REQUIRED ACTION |
The records that appear below are to be restated word for word.
BEGIN PROVIDED MATERIAL
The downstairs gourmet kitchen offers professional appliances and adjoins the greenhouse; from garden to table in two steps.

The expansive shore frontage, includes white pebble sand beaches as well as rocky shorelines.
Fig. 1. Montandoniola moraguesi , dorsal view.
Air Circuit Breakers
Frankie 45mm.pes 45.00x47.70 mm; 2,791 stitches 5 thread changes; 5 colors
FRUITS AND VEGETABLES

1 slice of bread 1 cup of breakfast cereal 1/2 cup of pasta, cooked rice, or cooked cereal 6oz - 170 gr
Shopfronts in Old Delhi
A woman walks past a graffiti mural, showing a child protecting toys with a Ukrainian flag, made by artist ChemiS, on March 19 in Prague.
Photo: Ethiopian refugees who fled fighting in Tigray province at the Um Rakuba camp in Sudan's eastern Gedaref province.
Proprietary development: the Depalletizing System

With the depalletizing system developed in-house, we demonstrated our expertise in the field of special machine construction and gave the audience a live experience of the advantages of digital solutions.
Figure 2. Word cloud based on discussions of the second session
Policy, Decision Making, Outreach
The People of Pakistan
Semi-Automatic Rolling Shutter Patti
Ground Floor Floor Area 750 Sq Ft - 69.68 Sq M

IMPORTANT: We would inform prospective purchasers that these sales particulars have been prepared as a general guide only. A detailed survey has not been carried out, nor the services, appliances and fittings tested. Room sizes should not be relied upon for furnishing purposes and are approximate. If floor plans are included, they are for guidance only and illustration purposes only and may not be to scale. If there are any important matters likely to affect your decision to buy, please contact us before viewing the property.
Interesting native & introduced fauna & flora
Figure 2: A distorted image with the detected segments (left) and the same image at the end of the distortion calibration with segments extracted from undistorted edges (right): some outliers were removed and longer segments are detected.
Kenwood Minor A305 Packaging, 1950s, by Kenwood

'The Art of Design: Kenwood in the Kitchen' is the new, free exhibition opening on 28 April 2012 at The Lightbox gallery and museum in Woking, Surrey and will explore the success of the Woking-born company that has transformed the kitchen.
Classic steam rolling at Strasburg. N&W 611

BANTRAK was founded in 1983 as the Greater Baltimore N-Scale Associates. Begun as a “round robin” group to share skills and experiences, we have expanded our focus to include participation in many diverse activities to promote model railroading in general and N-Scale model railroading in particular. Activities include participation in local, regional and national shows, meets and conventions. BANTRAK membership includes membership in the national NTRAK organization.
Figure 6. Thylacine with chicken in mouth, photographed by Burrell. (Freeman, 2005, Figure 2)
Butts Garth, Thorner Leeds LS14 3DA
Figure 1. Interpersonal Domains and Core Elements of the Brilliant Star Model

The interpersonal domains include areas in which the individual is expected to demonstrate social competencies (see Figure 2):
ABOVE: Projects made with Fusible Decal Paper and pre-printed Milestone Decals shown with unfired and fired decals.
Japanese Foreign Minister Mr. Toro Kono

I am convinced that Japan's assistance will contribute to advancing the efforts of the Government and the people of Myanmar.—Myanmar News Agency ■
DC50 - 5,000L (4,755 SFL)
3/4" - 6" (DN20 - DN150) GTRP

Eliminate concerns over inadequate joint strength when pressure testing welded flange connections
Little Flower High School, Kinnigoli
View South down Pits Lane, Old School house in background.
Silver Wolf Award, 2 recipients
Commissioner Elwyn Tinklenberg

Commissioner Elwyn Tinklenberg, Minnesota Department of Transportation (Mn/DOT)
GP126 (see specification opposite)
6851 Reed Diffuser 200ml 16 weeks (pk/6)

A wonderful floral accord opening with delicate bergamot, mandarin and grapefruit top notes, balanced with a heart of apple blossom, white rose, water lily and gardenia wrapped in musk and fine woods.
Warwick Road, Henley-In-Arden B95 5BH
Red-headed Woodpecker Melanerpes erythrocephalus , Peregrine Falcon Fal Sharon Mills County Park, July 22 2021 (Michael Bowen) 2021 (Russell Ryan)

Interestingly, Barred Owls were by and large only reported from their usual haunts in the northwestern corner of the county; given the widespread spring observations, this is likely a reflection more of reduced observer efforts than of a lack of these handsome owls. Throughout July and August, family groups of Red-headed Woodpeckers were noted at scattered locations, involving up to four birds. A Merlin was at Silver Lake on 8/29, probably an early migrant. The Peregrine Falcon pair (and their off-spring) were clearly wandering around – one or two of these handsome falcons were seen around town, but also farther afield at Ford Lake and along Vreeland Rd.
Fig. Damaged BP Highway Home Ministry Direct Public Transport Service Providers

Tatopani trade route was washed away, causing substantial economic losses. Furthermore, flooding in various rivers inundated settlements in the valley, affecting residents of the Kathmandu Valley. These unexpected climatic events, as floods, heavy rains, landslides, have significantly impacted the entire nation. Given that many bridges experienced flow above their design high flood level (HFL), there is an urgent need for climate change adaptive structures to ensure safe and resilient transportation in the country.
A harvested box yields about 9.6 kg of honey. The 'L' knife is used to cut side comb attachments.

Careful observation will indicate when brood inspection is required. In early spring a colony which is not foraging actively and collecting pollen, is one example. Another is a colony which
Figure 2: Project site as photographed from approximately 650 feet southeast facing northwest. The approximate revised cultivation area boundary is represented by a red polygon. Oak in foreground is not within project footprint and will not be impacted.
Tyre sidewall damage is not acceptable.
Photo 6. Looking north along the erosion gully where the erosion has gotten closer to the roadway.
END PROVIDED MATERIAL
ANSWER SPACE |
The downstairs gourmet kitchen offers professional appliances and adjoins the greenhouse; from garden to table in two steps.

The expansive shore frontage, includes white pebble sand beaches as well as rocky shorelines.
Fig. 1. Montandoniola moraguesi , dorsal view.
Air Circuit Breakers
Frankie 45mm.pes 45.00x47.70 mm; 2,791 stitches 5 thread changes; 5 colors
FRUITS AND VEGETABLES

1 slice of bread 1 cup of breakfast cereal 1/2 cup of pasta, cooked rice, or cooked cereal 6oz - 170 gr
Shopfronts in Old Delhi
A woman walks past a graffiti mural, showing a child protecting toys with a Ukrainian flag, made by artist ChemiS, on March 19 in Prague.
Photo: Ethiopian refugees who fled fighting in Tigray province at the Um Rakuba camp in Sudan's eastern Gedaref province.
Proprietary development: the Depalletizing System

With the depalletizing system developed in-house, we demonstrated our expertise in the field of special machine construction and gave the audience a live experience of the advantages of digital solutions.
Figure 2. Word cloud based on discussions of the second session
Policy, Decision Making, Outreach
The People of Pakistan
Semi-Automatic Rolling Shutter Patti
Ground Floor Floor Area 750 Sq Ft - 69.68 Sq M

IMPORTANT: We would inform prospective purchasers that these sales particulars have been prepared as a general guide only. A detailed survey has not been carried out, nor the services, appliances and fittings tested. Room sizes should not be relied upon for furnishing purposes and are approximate. If floor plans are included, they are for guidance only and illustration purposes only and may not be to scale. If there are any important matters likely to affect your decision to buy, please contact us before viewing the property.
Interesting native & introduced fauna & flora
Figure 2: A distorted image with the detected segments (left) and the same image at the end of the distortion calibration with segments extracted from undistorted edges (right): some outliers were removed and longer segments are detected.
Kenwood Minor A305 Packaging, 1950s, by Kenwood

'The Art of Design: Kenwood in the Kitchen' is the new, free exhibition opening on 28 April 2012 at The Lightbox gallery and museum in Woking, Surrey and will explore the success of the Woking-born company that has transformed the kitchen.
Classic steam rolling at Strasburg. N&W 611

BANTRAK was founded in 1983 as the Greater Baltimore N-Scale Associates. Begun as a “round robin” group to share skills and experiences, we have expanded our focus to include participation in many diverse activities to promote model railroading in general and N-Scale model railroading in particular. Activities include participation in local, regional and national shows, meets and conventions. BANTRAK membership includes membership in the national NTRAK organization.
Figure 6. Thylacine with chicken in mouth, photographed by Burrell. (Freeman, 2005, Figure 2)
Butts Garth, Thorner Leeds LS14 3DA
Figure 1. Interpersonal Domains and Core Elements of the Brilliant Star Model

The interpersonal domains include areas in which the individual is expected to demonstrate social competencies (see Figure 2):
ABOVE: Projects made with Fusible Decal Paper and pre-printed Milestone Decals shown with unfired and fired decals.
Japanese Foreign Minister Mr. Toro Kono

I am convinced that Japan's assistance will contribute to advancing the efforts of the Government and the people of Myanmar.—Myanmar News Agency ■
DC50 - 5,000L (4,755 SFL)
3/4" - 6" (DN20 - DN150) GTRP

Eliminate concerns over inadequate joint strength when pressure testing welded flange connections
Little Flower High School, Kinnigoli
View South down Pits Lane, Old School house in background.
Silver Wolf Award, 2 recipients
Commissioner Elwyn Tinklenberg

Commissioner Elwyn Tinklenberg, Minnesota Department of Transportation (Mn/DOT)
GP126 (see specification opposite)
6851 Reed Diffuser 200ml 16 weeks (pk/6)

A wonderful floral accord opening with delicate bergamot, mandarin and grapefruit top notes, balanced with a heart of apple blossom, white rose, water lily and gardenia wrapped in musk and fine woods.
Warwick Road, Henley-In-Arden B95 5BH
Red-headed Woodpecker Melanerpes erythrocephalus , Peregrine Falcon Fal Sharon Mills County Park, July 22 2021 (Michael Bowen) 2021 (Russell Ryan)

Interestingly, Barred Owls were by and large only reported from their usual haunts in the northwestern corner of the county; given the widespread spring observations, this is likely a reflection more of reduced observer efforts than of a lack of these handsome owls. Throughout July and August, family groups of Red-headed Woodpeckers were noted at scattered locations, involving up to four birds. A Merlin was at Silver Lake on 8/29, probably an early migrant. The Peregrine Falcon pair (and their off-spring) were clearly wandering around – one or two of these handsome falcons were seen around town, but also farther afield at Ford Lake and along Vreeland Rd.
Fig. Damaged BP Highway Home Ministry Direct Public Transport Service Providers

Tatopani trade route was washed away, causing substantial economic losses. Furthermore, flooding in various rivers inundated settlements in the valley, affecting residents of the Kathmandu Valley. These unexpected climatic events, as floods, heavy rains, landslides, have significantly impacted the entire nation. Given that many bridges experienced flow above their design high flood level (HFL), there is an urgent need for climate change adaptive structures to ensure safe and resilient transportation in the country.
A harvested box yields about 9.6 kg of honey. The 'L' knife is used to cut side comb attachments.

Careful observation will indicate when brood inspection is required. In early spring a colony which is not foraging actively and collecting pollen, is one example. Another is a colony which
Figure 2: Project site as photographed from approximately 650 feet southeast facing northwest. The approximate revised cultivation area boundary is represented by a red polygon. Oak in foreground is not within project footprint and will not be impacted.
Tyre sidewall damage is not acceptable.
Photo 6. Looking north along the erosion gully where the erosion has gotten closer to the roadway.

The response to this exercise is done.